Do you have a strategy for picking a winner? I didn’t until now.
Whether you are researching your own stock to set a Target price, or going off an analyst opinion, you should always have an expected target or gain in mind. Some investors are looking for that 8% to 10% gain per year, and some are looking for more than that or are maybe even satisfied with less.
Prior to working on this post, I had not defined my exact calculations but usually what I did was factor in commissions first, and then find out how much the stock has to go up to hit 10%, 20%, 30%. Then I try to figure out if these expectations are reasonable.
Has the stock ever been that high? How recently was it close to my target? Is the stock trending upwards?
What is my risk? This should be at or close to my Sell stop price and my sell stop price is based on a previous
bounce/inflection in the market.
Now I’m trying to refine my stock choosing strategy, it’s always just been in my head. Sometimes I would not go through all the checkpoints before buying a stock either because I didn’t have time or I was acting on impulse. Trading isn’t a game, you can have fun with it but it should be more systematic to be successful. In addtion, I like to use stock screening tools to help me.
Here is my first draft:
- Stock must have a reasonable expectation of a 20% gain within 6 months to a year. This isn’t being greedy. Bigger gains offset unexpected losses.

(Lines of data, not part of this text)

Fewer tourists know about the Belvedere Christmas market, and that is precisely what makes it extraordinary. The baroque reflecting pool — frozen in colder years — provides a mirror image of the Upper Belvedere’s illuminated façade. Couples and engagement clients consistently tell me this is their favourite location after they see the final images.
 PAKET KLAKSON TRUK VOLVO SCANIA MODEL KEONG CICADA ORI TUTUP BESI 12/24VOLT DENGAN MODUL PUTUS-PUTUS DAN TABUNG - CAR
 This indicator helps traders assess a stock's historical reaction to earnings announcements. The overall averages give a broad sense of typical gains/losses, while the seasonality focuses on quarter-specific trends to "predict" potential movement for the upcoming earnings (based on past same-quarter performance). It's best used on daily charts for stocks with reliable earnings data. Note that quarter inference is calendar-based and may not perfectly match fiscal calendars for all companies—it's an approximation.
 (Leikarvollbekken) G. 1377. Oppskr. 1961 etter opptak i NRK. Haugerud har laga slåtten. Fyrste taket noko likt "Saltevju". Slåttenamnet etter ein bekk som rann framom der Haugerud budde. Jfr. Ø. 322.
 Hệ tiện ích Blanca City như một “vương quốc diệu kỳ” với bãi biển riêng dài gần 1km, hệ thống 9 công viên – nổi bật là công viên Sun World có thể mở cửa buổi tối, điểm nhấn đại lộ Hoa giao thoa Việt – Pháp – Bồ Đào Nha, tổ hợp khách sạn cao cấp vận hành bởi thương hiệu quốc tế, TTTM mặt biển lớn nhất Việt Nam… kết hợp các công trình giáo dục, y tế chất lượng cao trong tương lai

- Stocks with higher dividends are more favorable if the expected gain is lower. These are places where I may park my money until something better comes up.

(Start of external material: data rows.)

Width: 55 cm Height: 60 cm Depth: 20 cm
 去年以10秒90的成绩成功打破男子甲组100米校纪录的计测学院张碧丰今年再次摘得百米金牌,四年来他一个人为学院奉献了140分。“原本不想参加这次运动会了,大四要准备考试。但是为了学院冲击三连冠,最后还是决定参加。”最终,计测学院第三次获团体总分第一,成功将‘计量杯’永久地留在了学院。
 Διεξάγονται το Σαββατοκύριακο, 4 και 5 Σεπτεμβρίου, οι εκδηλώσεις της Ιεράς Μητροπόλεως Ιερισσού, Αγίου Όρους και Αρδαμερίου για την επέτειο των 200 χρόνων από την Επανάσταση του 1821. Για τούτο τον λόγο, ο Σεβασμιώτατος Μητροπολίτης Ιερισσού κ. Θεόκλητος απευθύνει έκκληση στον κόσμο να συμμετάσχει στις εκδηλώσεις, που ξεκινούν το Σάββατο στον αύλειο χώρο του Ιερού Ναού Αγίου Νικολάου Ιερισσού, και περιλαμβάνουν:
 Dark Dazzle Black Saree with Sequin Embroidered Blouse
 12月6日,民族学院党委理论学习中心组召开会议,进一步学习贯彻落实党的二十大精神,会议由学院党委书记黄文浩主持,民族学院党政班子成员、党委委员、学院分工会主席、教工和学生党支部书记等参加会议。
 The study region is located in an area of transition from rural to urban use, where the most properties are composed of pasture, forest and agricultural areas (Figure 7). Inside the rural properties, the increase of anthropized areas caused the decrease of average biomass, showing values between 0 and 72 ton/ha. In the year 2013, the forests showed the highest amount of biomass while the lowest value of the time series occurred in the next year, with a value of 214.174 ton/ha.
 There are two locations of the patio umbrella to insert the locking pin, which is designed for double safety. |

- Stock must be trending upwards. It’s hard to win by buying a stock that is tumbling. It’s like catching a falling knife although there are times when you can catch them at the right time. I think this should be done only if the entire market is going down for the day or week or whatever, because we know that there might be some discounts to take advantage of.
- Finding a Sell stop should be easy by using a recent(within 6 months) price.
- Reward to Risk ratio should be 3 to 1. For every $100 that I may lose, I’m expecting to gain $300. For example, if a stock is priced at $100, and the expected target is $130, and sell stop is $90. That’s $30/$10 = 3
- Positve analyst opinion and price target is favorable.
- Stocks have to pass favorable screening from www.finviz.com and www.stockscores.com
- Average volume should be high enough for me to buy and sell easily.
- Abnormal volume during the day, this would be a major plus if I could not find out what all the buzz was about since it may indicate that only certain people know about a new upside. But if it’s due to something that all investors have been informed about, then it would be less valuable.